The Colonel had left his own cool saloon, on the best corner in Silver Hill, nodding to his partner as he went, and had crossed to Daley's, where he proceeded to break his rival's bank. The news of the accident to Franceston reached him here, and he answered the summons immediately, though sighing regretfully, for luck was with him. He was shown directly into the living room, where Franceston lay. They had not thought it best to carry him farther. When the two men were left alone, Franceston spoke.

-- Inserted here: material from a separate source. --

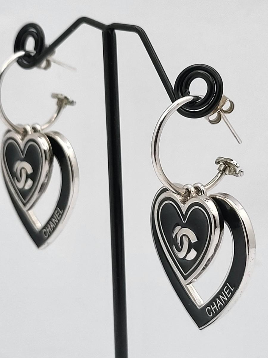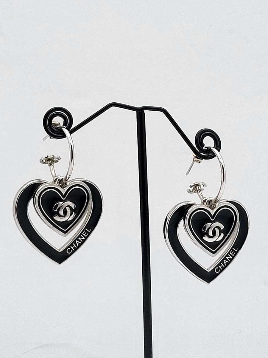 Black enameled & silver tone metal pierced earrings. Unsigned on back. Front says Chanel, had double CC hearts and double CC on other end of the hoops. Measure 1.25" wide x 2" long.

"I wanted t' see ye, sir," he said the Colonel's clothes entitled him to superior rank in Silver Hill, where only clergymen wore black "I wanted t' ask ye if ye'd see after Fidelia when I'm gone."
"I assure you " began the Colonel.
"Wait a minute," Franceston put a rough black hand upon the fine cloth of the Colonel's sleeve. "Ye see, the mother ain't enough for her. She needs the rein, I'm 'fraid. She's a purty little thing. Seein' her like that" he nodded toward the sash and cap Fidelia had thrown at the foot of the cot "seein' her in all that finery's made me think a bit. Lord knows I hadn't time to 'tend to her, an' the mother's weak an' kin' o' daft herself about gayety and novels callin' the child Fidelia 'stead o' Fanny, my own mother's name! Don't let the little thing go wrong, sir. That's what I wanted t' see ye for. They'll have a little money it's mighty little that I get from the Union. I'll go easier if I know you'll look after her a bit, poor, pretty thing!"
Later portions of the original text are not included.